* _Source information_
------------------------------------------------
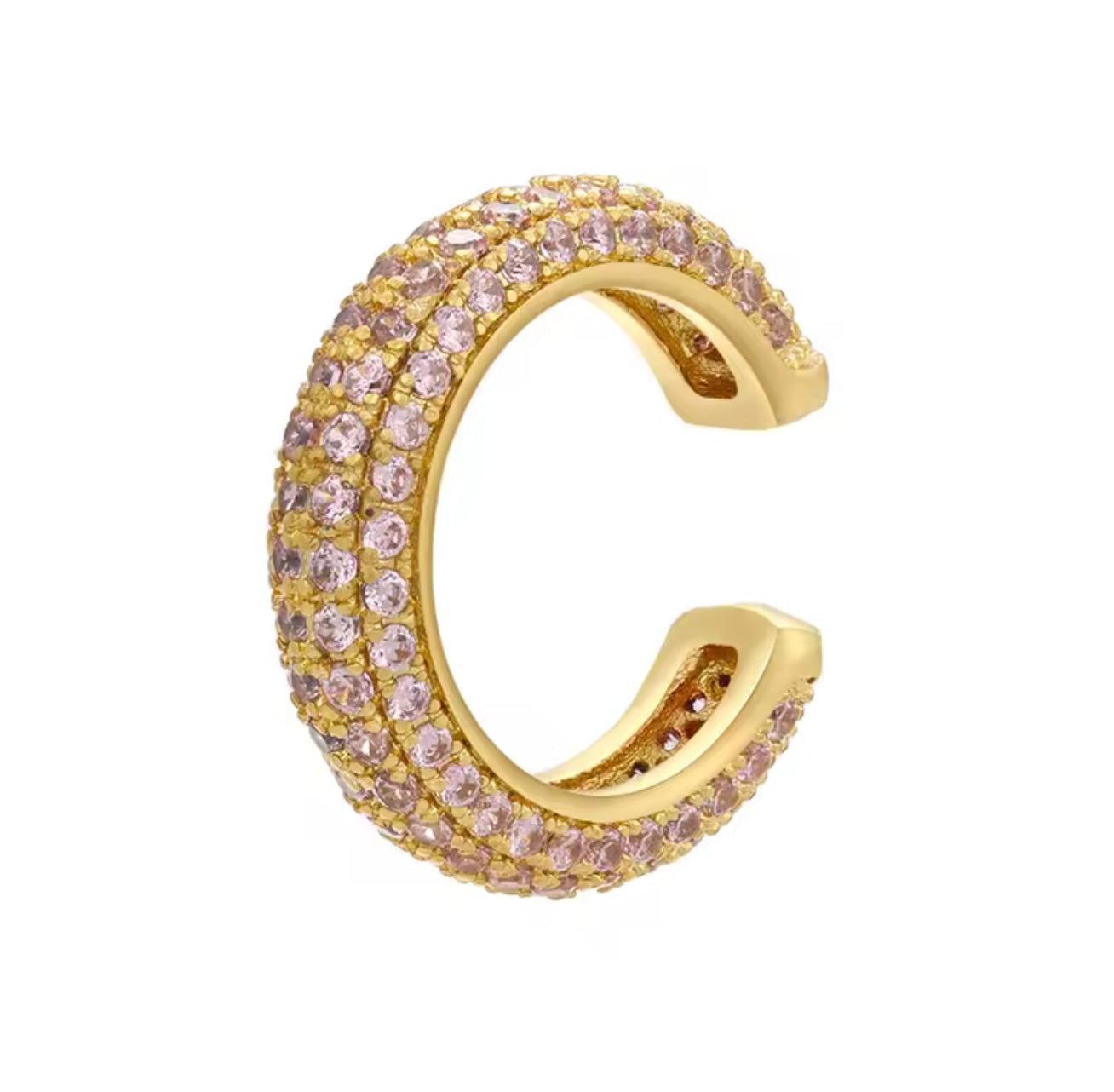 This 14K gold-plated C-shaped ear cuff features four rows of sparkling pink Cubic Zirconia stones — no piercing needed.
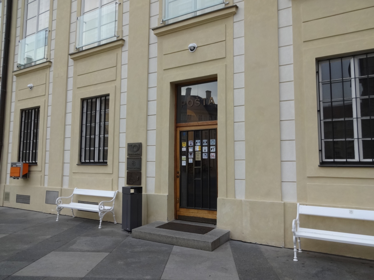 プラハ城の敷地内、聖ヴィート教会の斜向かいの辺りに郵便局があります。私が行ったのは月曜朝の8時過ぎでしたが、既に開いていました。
------------------------------------------------
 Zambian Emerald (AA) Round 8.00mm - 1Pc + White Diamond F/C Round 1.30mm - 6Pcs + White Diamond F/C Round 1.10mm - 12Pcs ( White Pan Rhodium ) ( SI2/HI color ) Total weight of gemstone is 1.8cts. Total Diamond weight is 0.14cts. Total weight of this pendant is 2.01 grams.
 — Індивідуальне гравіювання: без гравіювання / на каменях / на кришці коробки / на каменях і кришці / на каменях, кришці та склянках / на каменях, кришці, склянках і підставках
------------------------------------------------
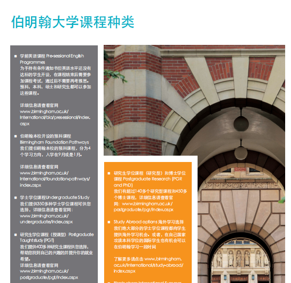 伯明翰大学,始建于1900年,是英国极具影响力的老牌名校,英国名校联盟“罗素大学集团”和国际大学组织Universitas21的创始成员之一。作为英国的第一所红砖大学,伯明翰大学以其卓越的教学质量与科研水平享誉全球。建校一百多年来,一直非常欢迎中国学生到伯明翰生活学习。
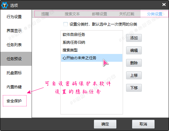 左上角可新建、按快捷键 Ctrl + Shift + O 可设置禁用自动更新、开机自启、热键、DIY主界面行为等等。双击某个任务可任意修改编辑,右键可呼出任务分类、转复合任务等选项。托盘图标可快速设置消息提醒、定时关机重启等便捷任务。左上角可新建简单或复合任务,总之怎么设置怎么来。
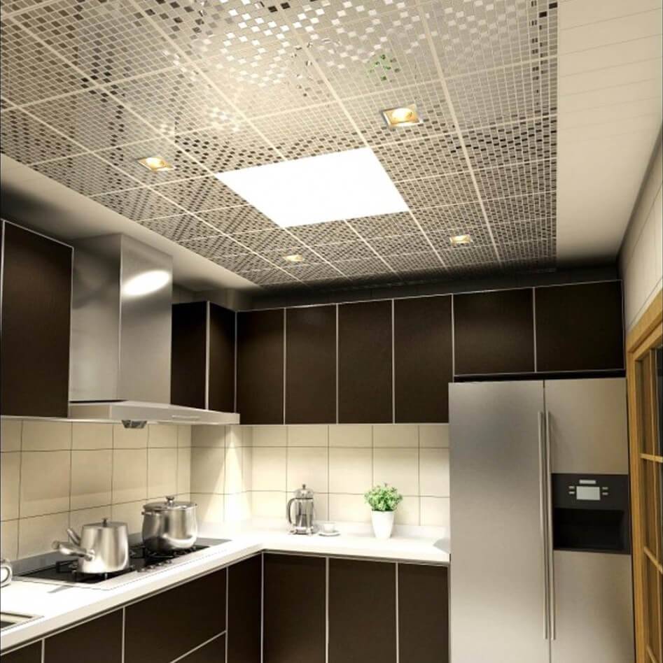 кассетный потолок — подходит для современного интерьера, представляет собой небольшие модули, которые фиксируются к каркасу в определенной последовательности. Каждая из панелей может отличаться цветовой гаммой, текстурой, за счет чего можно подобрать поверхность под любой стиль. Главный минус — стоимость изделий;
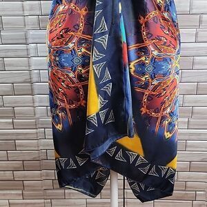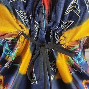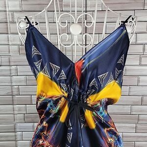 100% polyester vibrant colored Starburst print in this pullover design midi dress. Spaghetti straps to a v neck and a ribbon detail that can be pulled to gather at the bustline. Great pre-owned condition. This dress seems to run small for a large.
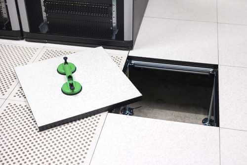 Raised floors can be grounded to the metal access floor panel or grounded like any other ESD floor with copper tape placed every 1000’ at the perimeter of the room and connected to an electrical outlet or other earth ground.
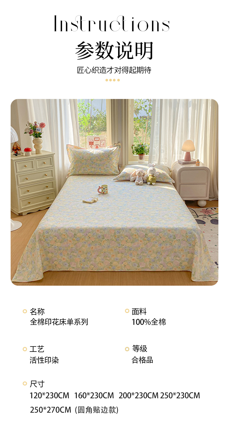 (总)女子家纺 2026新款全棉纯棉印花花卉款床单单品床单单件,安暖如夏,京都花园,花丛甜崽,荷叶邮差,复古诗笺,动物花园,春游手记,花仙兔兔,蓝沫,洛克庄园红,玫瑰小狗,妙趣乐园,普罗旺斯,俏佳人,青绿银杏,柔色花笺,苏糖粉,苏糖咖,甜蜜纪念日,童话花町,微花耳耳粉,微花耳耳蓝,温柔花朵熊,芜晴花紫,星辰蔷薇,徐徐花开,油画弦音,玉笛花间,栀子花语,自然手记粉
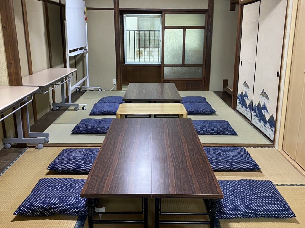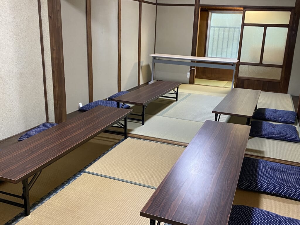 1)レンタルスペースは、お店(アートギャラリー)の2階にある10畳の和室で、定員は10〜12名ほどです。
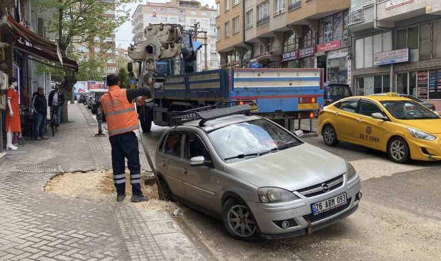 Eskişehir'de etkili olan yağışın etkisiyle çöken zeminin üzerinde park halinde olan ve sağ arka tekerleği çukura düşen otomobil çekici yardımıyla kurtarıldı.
------------------------------------------------
* _Task statement_
In the listing above, find the line containing "左上角可新建、按快捷键 Ctrl +" and the line containing "100% polyester vibrant", then return both of them and every line between, exactly, without pictures.

* _Response area_
 左上角可新建、按快捷键 Ctrl + Shift + O 可设置禁用自动更新、开机自启、热键、DIY主界面行为等等。双击某个任务可任意修改编辑,右键可呼出任务分类、转复合任务等选项。托盘图标可快速设置消息提醒、定时关机重启等便捷任务。左上角可新建简单或复合任务,总之怎么设置怎么来。
 кассетный потолок — подходит для современного интерьера, представляет собой небольшие модули, которые фиксируются к каркасу в определенной последовательности. Каждая из панелей может отличаться цветовой гаммой, текстурой, за счет чего можно подобрать поверхность под любой стиль. Главный минус — стоимость изделий;
 100% polyester vibrant colored Starburst print in this pullover design midi dress. Spaghetti straps to a v neck and a ribbon detail that can be pulled to gather at the bustline. Great pre-owned condition. This dress seems to run small for a large.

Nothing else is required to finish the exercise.